Live Review
Toro Y Moi, ATP Nightmare Before Christmas
A chillwave pioneer striving to be taken seriously. But evoking the pop ghost of a certain 90s perpetual big hat wearer probably isn’t the best way to do it.
If 2010 was the “year of chillwave” (but hopefully the history books will experience an Orwellian re-writing in the meantime, thus to save us ample amounts of embarrassment) then 2011 could well be deemed the year these bedroom producers that broke out during the summer of the year previous have tried so hard to be taken seriously and to shake off that pigeon-holing genre tag.
Like “nu-rave” a couple of years back (which right now the entire populous of music fans seem to have a shared truce of not mentioning lest we all feel naive regret), “chillwave” as a genre has become somewhat of a joke. Back in 2007 after winning a Mercury Prize on the back of covers of 90s rave hits (some actually, some just sounding like it) the Klaxons set out to show their artistic integrity, calling the very genre they helped spawn a “joke”. Their label scrapped an entire album’s worth of new material labelling it “too experimental” and by the time their rather cumbersome follow-up ‘Surfing The Void’ finally came out in 2010, their former fans had already sold all their comic book hoodies and neon peaked caps, and nobody really gave a damn anymore, immersed instead in this “new movement” called chillwave.
The career of Toro Y Moi, otherwise known as Chad Bundick, increasingly seems to be following suite; a musician trying to stress his genuine technical competency to the point of perhaps overcompensation. While his debut release ‘Causers Of This’ was a smooth and well-oiled affair, this year’s outputs - full-length ‘Underneath The Pine’ and the ‘Freakin’ Out’ EP - has seen the South Carolina producer transform into something of a jazz maverick, alienating as many original lovers of his early mixtapes as he has gained a more wider spread fanbase.

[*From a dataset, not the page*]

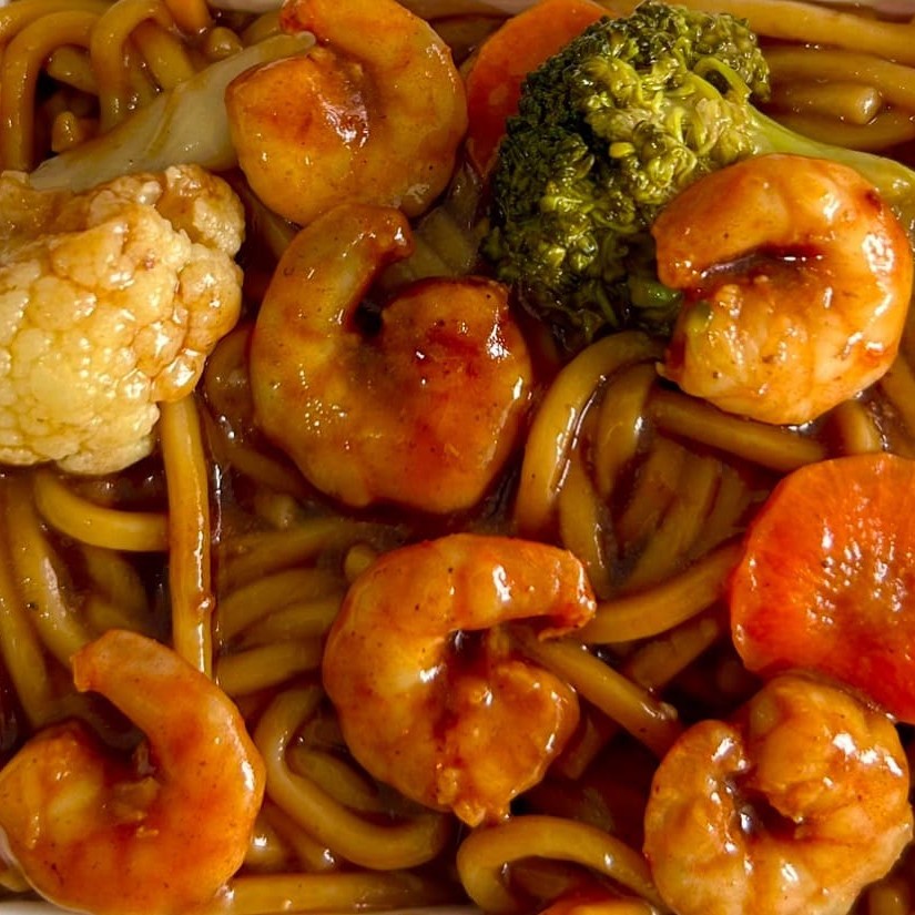 Clássico macarrão oriental, com camarões suculentos e selecionados, legumes e champignons. Molho à base de shoyu e um tempero delicioso. Finalizando com brócolis, cenoura, couve-flor, cebola e acelga.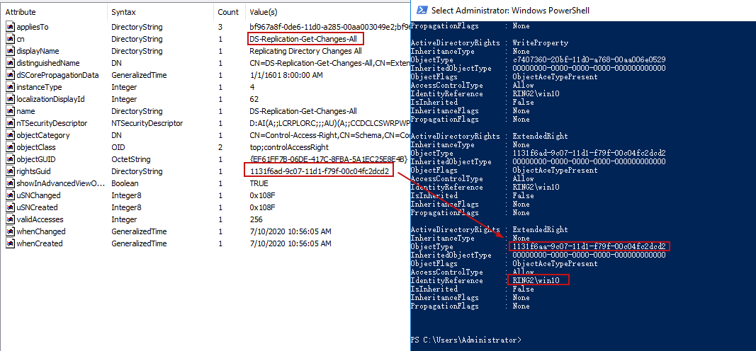 Get-ObjectACL "DC=security,DC=local" -ResolveGUIDs | ? {($_.ActiveDirectoryRights -match 'GenericAll') -or ($_.ObjectAceType -match 'Replication-Get')}# ORGet-ObjectAcl -DistinguishedName "DC=Security,DC" -ResolveGUIDs | ?{($_.IdentityReference -match "studentx") -and (($_.ObjectType -match 'replication') -or ($_.ActiveDirectoryRights -match 'GenericAll'))}

Despite what some - including myself - would feel to be his weaker material, the newer tracks if anything do add a bit more exuberance to Bundick’s live set-up. Backed by a full band, opener ‘New Beat’ shows off a swaggering electrofunk jive that seems to be everything that Justice should have been aiming for on their recent record, if they had not been so obsessed by exhuming Guns N Roses’ not-even-dead corpses.

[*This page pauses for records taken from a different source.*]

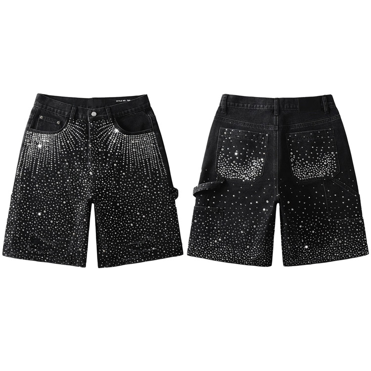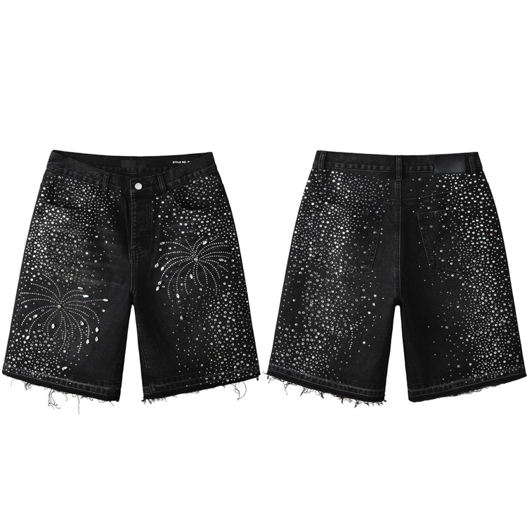 Purple Brand new hot diamond denim retro shorts washed shorts straight-4254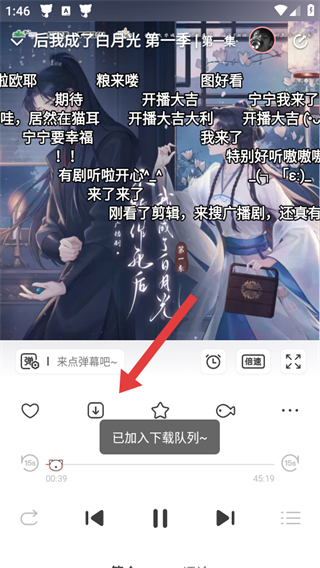 2、在音頻播放的界面,點(diǎn)擊下載的圖標(biāo),會(huì)彈出已加入下載隊(duì)列的提示,音頻開(kāi)始下載。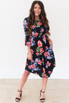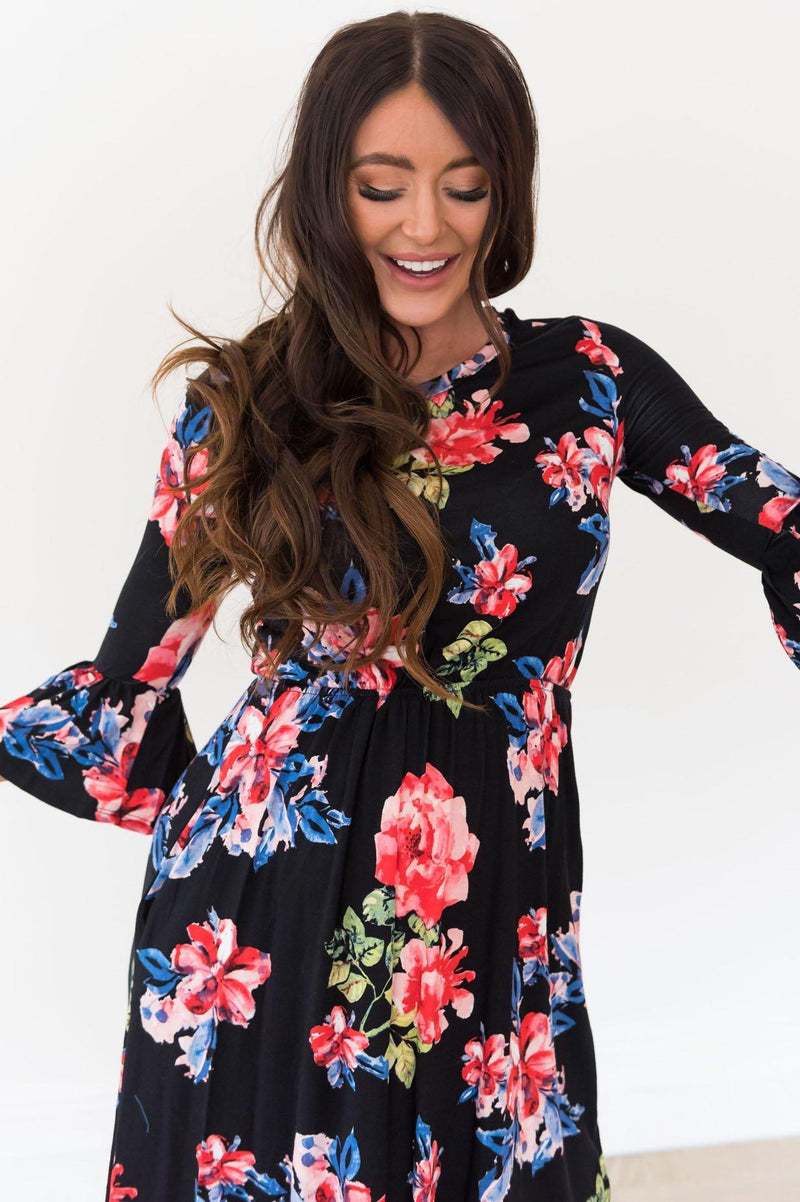 The Kianna is the perfect dress for summer! This gorgeous black dress has large floral print, lightweight material, long bell sleeves, elastic waist, and a curved hemline. You're going to want this beautiful floral dress in your wardrobe!

While the material lifted off the new record does lend itself well live and probably does do the job Bundick intended of adding some authenticity to his back catalogue, it’s still the more keyboard-based earlier cuts that get the ATP crowd moving most - like ‘Blessa’ which drops later in the set and seems to evoke some sort of youthful nostalgic memory in two men well into their late-50s beside me whose dancing and arm flailing makes Iggy Pop seem like an old bore with a pipe and slippers.

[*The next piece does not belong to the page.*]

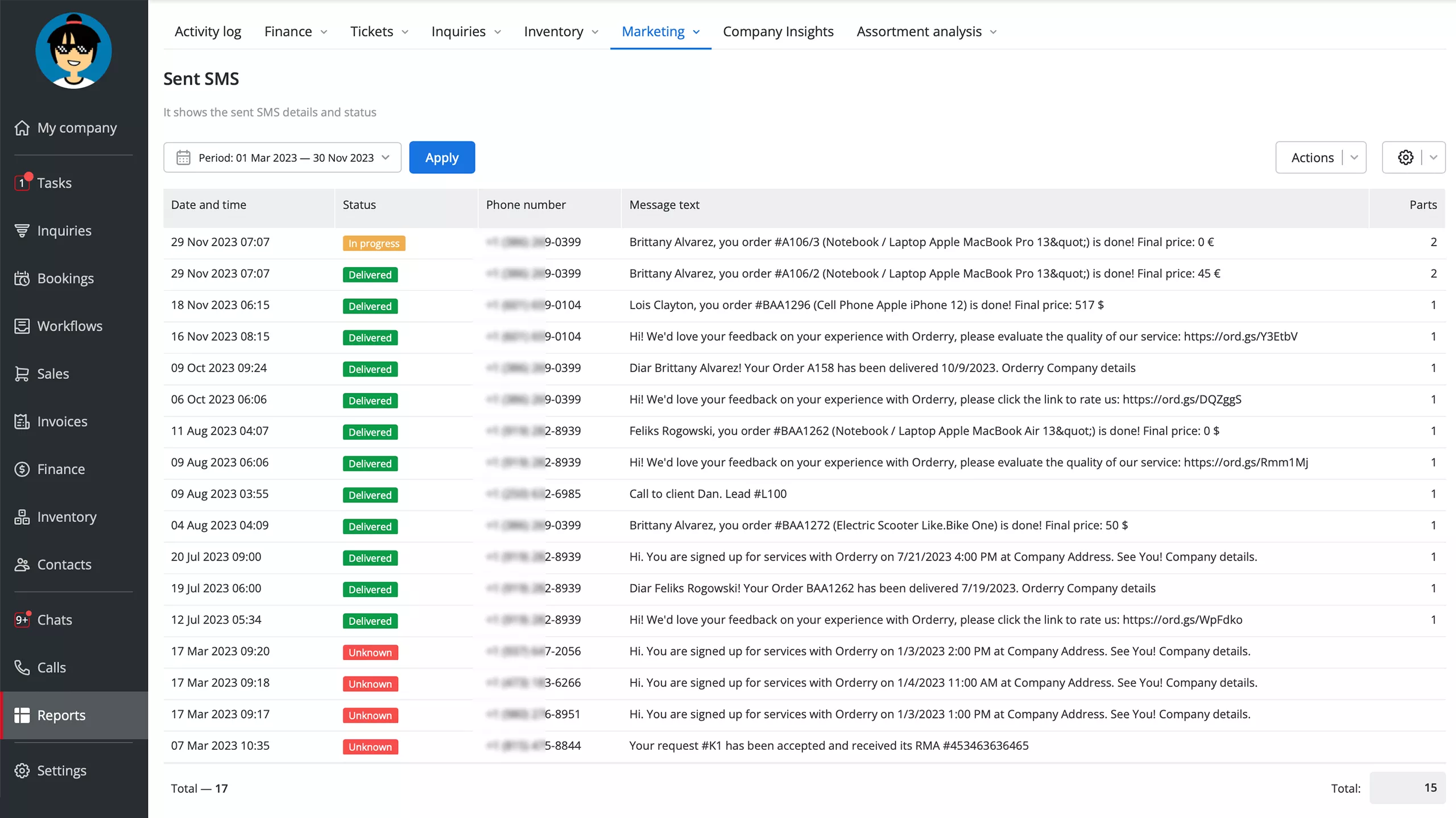 Configura alertas automáticas por SMS para que clientes y empleados estén actualizados acerca del estado de la orden o cualquier cambio en ella. De esta manera, te asegurarás de que todos sepan lo que está pasando y sigan el flujo de trabajo.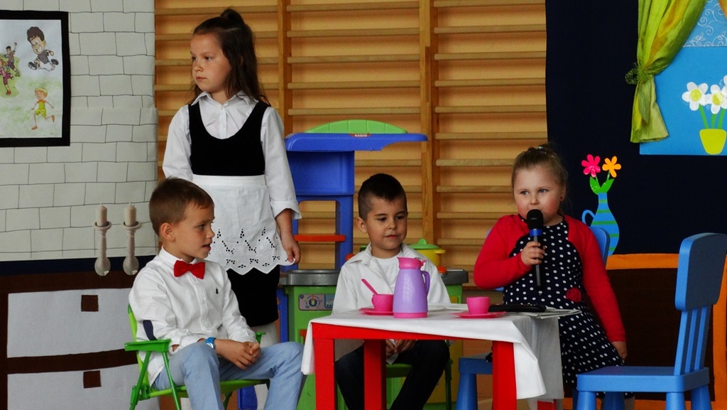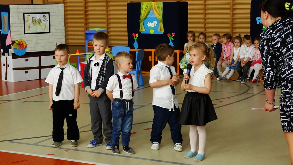 Dzień Mamy i Taty jest jednym z najpiękniejszych świąt w roku, pełnym miłych życzeń i kwiatów, będących wyrazem miłości i szacunku dla rodziców. Nasze przedszkolaki i „zerówiaki” jak co roku postanowiły w szczególny sposób uczcić to święto. Dlatego też 26 maja przygotowały część artystyczną z okazji święta rodziców. Nad przygotowaniem całej uroczystości oraz dekoracjami czuwały wychowawczynie. Nasze przedszkolaki z niecierpliwością i wielkim przejęciem czekały na swoich gości, dały znakomity popis swoich recytatorsko-wokalnych zdolności i umiejętności, tańcząc, śpiewając piękne piosenki oraz deklamując wierszyki dla mamy i taty. Na twarzach rodziców widać było i radość i wzruszenie, a swoje pociechy nagrodzili brawami. Dzieci złożyły rodzicom serdeczne życzenia oraz wręczyły własnoręcznie wykonane upominki. Na zakończenie zaprosiliśmy wszystkich gości na słodki poczęstunek przygotowany przez niezawodne mamy naszych przedszkolaków. Był to bardzo udany, miły i wesoły dzień. Dziękujemy rodzicom za liczne przybycie.

As the crowd filters out, I overhear two separate strangers comparing the jazzier parts of Bundick’s set to that of the butt of seemingly every joke in the 90s, Jamiroquai. It’s something that I didn’t want to have to write, and now that I’ve got others to do the dirty work for me - I don’t have to. A mixed bag of a set by a chillwave pioneer striving real very hard to be taken seriously. But I don’t think evoking the pop ghost of a certain 90s perpetual hat wearer is the best way to go about it.